John Lynn is the Founder of the HealthcareScene.com, a network of leading Healthcare IT resources. The flagship blog, Healthcare IT Today, contains over 13,000 articles with over half of the articles written by John. These EMR and Healthcare IT related articles have been viewed over 20 million times.

John manages Healthcare IT Central, the leading career Health IT job board. He also organizes the first of its kind conference and community focused on healthcare marketing, Healthcare and IT Marketing Conference, and a healthcare IT conference, EXPO.health, focused on practical healthcare IT innovation. John is an advisor to multiple healthcare IT companies. John is highly involved in social media, and in addition to his blogs can be found on Twitter: @techguy.


  • It has already happened in Medicine, but we have not yet accepted it.

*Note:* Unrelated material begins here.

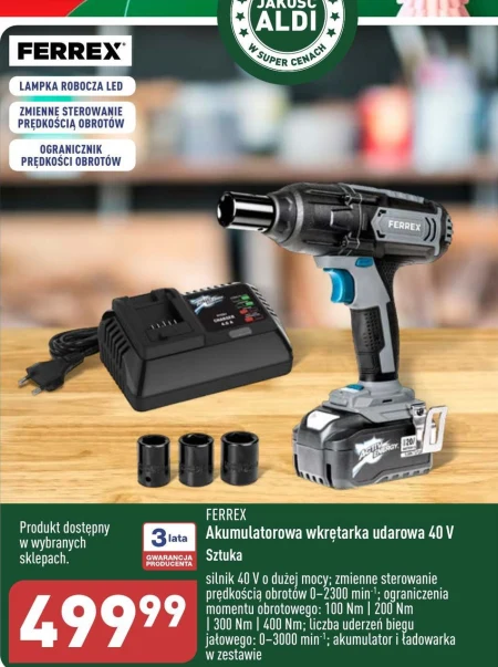 FERREX Akumulatorowa wkrętarka udarowa 40 V Sztuka silnik 40 V o dużej mocy; zmienne sterowanie prędkością obrotów 0-2300 min-¹; ograniczenia momentu obrotowego: 100 Nm | 200 Nm | 300 Nm | 400 Nm; liczba uderzeń biegu jałowego: 0-3000 min¹; akumulator i ładowarka w zestawie

    However, the solution is not search and Info buttons, but rather it is Clinical Decision Support. The Doctor does not have time to search every condition within the context of a ten minute visit. The correct answer must be provided seamlessly and automatically and must include a simplified way to implement the suggestion

    I suggest you read our paper on this:
    Clinical Decision Support for Medical Students

    Which begins with:
    “In this age, we aspire to practice evidence-based medicine , which has been described as an approach that applies “the best available evidence gained from the scientific method to medical decision making.” (Sackett DL, Rosenberg WM, Gray JA et al) Instead, we are more likely to practice memory-based medicine meaning that “Current medical practice relies heavily on the unaided mind to recall a great amount of detailed knowledge.”(Crane RM) Our failure to practice evidence based medicine is endemic throughout medical care, as documented by McGlynn et. al. who found that barely 55% of patients get recommended care, and that this could be seen in the management of multiple conditions (Figures 1 & 2). Furthermore, the average time from the discovery of a medical advance to reach patients is 17 years – because of the slow adoption of practice changes.(Balas EA, Boren SA) ….”

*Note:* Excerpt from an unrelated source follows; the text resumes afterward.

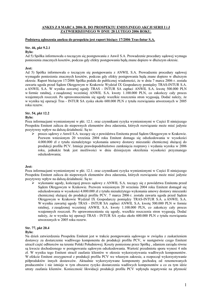 ANKES Z 8 MARCA 2006 R. DO PROSPEKTU EMISYJNEGO AKCJI SERII I i J ZATWIERDZONEGO W DNIU 28 LUTEGO 2006 ROKU. Podstawą zgłoszenia aneksu do prospektu jest raport bieżący 17/2006 Tras-Intur S.A. Str. 46, pkt 9.2.1 Było: Ad 5) Spółka informowała o toczącym się postępowaniu z Anwil S.A. Prowadzenie procedury sądowej wymaga poniesienia znacznych kosztów, podczas gdy efekty postępowania będą znane dopiero w dłuższym okresie. Jest: Ad 5) Spółka informowała o toczącym się postępowaniu z ANWIL S.A. Prowadzenie procedury sądowej wymagało poniesienia znacznych kosztów, podczas gdy efekty postępowania będą znane dopiero w dłuższym okresie. Raport bieżącym 17/2006 Spółka podała do publicznej wiadomości, że w dniu 7 marca 2006 r. została zawarta ugoda przed Sądem Okręgowym w Krakowie Wydział IX Gospodarczy pomiędzy TRAS-INTUR S.A. a ANWIL S.A. W wyniku zawartej ugody TRAS - INTUR SA zapłaci ANWIL S.A. kwotę 500.000 PLN w formie ratalnej, z zasądzonej wcześniej ANWIL S.A. kwoty 1.100.000 PLN, co zakończy cały proces wzajemnych roszczeń. Po uprawomocnieniu się ugody wszelkie roszczenia stron wygasają. Dodać należy, że w wyniku tej operacji Tras - INTUR SA zyska około 600.000 PLN z tytułu rozwiązania utworzonych w 2005 roku rezerw. Str. 54, pkt 12.2 Było: Poza informacjami wymienionymi w pkt. 12.1. oraz czynnikami ryzyka wymienionymi w Części II niniejszego Prospektu Emitent zalicza do niepewnych elementów dwa zdarzenia, których rozwiązanie może mieć jedynie pozytywny wpływ na dalszą działalność. Są to: proces sądowy z Anwil S.A. toczący się z powództwa Emitenta przed Sądem Okręgowym w Krakowie. Pozwem wniesionym 20 września 2004 roku Emitent domaga się odszkodowania w wysokości 4.000.000 zł z tytułu nienależytego wykonania umowy dostawy mieszanki chemicznej służącej do produkcji profilu PCV. Istnieje prawdopodobieństwo zamknięcia rozprawy i wydania wyroku w 2006 roku, jednakże brak jest możliwości w dniu dzisiejszym określenia wysokości przyznanego odszkodowania; Jest: Poza informacjami wymienionymi w pkt. 12.1. oraz czynnikami ryzyka wymienionymi w Części II niniejszego Prospektu Emitent zalicza do niepewnych elementów dwa zdarzenia, których rozwiązanie może mieć jedynie pozytywny wpływ na dalszą działalność. Są to: wykonanie ugody, kończącej proces sądowy z ANWIL S.A. toczący się z powództwa Emitenta przed Sądem Okręgowym w Krakowie. Pozwem wniesionym 20 września 2004 roku Emitent domagał się odszkodowania w wysokości 4.000.000 zł z tytułu nienależytego wykonania umowy dostawy mieszanki chemicznej służącej do produkcji profilu PCV. 7 marca 2006 r. została zawarta ugoda przed Sądem Okręgowym w Krakowie Wydział IX Gospodarczy pomiędzy TRAS-INTUR S.A. a ANWIL S.A. W wyniku zawartej ugody TRAS - INTUR SA zapłaci ANWIL S.A. kwotę 500.000 PLN w formie ratalnej, z zasądzonej wcześniej ANWIL S.A. kwoty 1.100.000 PLN, co zakończy cały proces wzajemnych roszczeń. Po uprawomocnieniu się ugody, wszelkie roszczenia stron wygasają. Dodać należy, że w wyniku tej operacji TRAS - INTUR SA zyska około 600.000 PLN z tytułu rozwiązania utworzonych w 2005 roku rezerw. Str. 77, pkt 20.4 Było: Na dzień zatwierdzenia Prospektu Emitent jest w trakcie postępowania sądowego w związku z zaskarżeniem dostawcy za dostarczenie wadliwego komponentu do produkcji profilu PCV, w następstwie czego Emitent utracił część odbiorców na terenie Polski Południowej. Koszty poniesione przez Spółkę , zdaniem zarządu równe są kwocie dochodzonego w postępowaniu sądowym odszkodowania. Wartość przedmiotu sporu wynosi 4 mln zł. W wyniku tego Emitent stracił zaufanie klientów w okresie wykorzystywania wadliwych komponentów. W efekcie Emitent zrezygnował z produkcji profilu PCV we własnym zakresie, a rozpoczął wykorzystywanie półproduktów innych dostawców. Aktualnie wykorzystywane komponenty pochodzą od renomowanych producentów i nie istnieje w tym obszarze ryzyko dostarczenia wadliwych komponentów a co za tym idzie utraty zaufania klientów. Konieczność likwidacji produkcji profilu PCV wpłynęła negatywnie na płynność 1 finansową Emitenta. Reklamacje związane z produktami wytworzonymi z wadliwego materiału wpływają do Emitenta do dnia dzisiejszego i realizowane są na bieżąco w ramach ogólnej procedury reklamacyjnej. Koszty z tego tytułu nie stanowią obecnie znaczącej pozycji, kilka tysięcy złotych w skali miesiąca. Istnieje możliwość, iż orzeczenie sądu I instancji zostanie wydane w 2006 r. Niestety na dzień zatwierdzenie Prospektu Emitent sprawa sądowa nie została jeszcze rozstrzygnięta. Jest: 7 marca 2006 r. została zawarta ugoda przed Sądem Okręgowym w Krakowie Wydział IX Gospodarczy pomiędzy TRAS-INTUR S.A. a ANWIL S.A., kończąca proces sądowy z ANWIL S.A. prowadzony z powództwa Emitenta przed Sądem Okręgowym w Krakowie. Postępowanie sądowe toczyło w związku z zaskarżeniem dostawcy za dostarczenie wadliwego komponentu do produkcji profilu PCV, w następstwie czego Emitent utracił część odbiorców na terenie Polski Południowej. Koszty poniesione przez Spółkę , zdaniem zarządu równe są kwocie dochodzonego w postępowaniu sądowym odszkodowania. Wartość przedmiotu sporu wynosiła 4 mln zł. W wyniku tego Emitent stracił zaufanie klientów w okresie wykorzystywania wadliwych komponentów. W efekcie Emitent zrezygnował z produkcji profilu PCV we własnym zakresie, a rozpoczął wykorzystywanie półproduktów innych dostawców. Aktualnie wykorzystywane komponenty pochodzą od renomowanych producentów i nie istnieje w tym obszarze ryzyko dostarczenia wadliwych komponentów a co za tym idzie utraty zaufania klientów. Konieczność likwidacji produkcji profilu PCV wpłynęła negatywnie na płynność finansową Emitenta. Reklamacje związane z produktami wytworzonymi z wadliwego materiału wpływają do Emitent

    Searching is ok and is currently the only game in town, but CDS is what is desperately needed. Unfortunately, EHRs with their strong reliance on free text, are not getting us closer to this goal (And currently seem to be slowing our progress. CDS is very specialty specific and EHRs are generic. Our reliance on the one size fits none EHR approach is hindering real CDS.

  • This reminds me of a quote I heard in law school. Apparently, John Marshall, the great jurist, was home from law school after his first year. A young “lady” (he called her) was trying to converse with him, and asked “how many laws he had learned.”
    As an attorney, I find this amusing, but I know that’s what John Q Public thinks – that I know a lot of laws. But that isn’t how practicing law works. It’s understanding how ALL OF IT WORKS TOGETHER that is important.

    So also is it true of medicine. Knowing lots of medical facts and information is not the key. Knowing how it works together or how it isn’t working together is what makes the difference. A computer or online resource is limited in that regard, and it is only a resource, should not be a crutch or substitute for a doctor.

    The most efficient effective computer on the planet is still the trained human brain.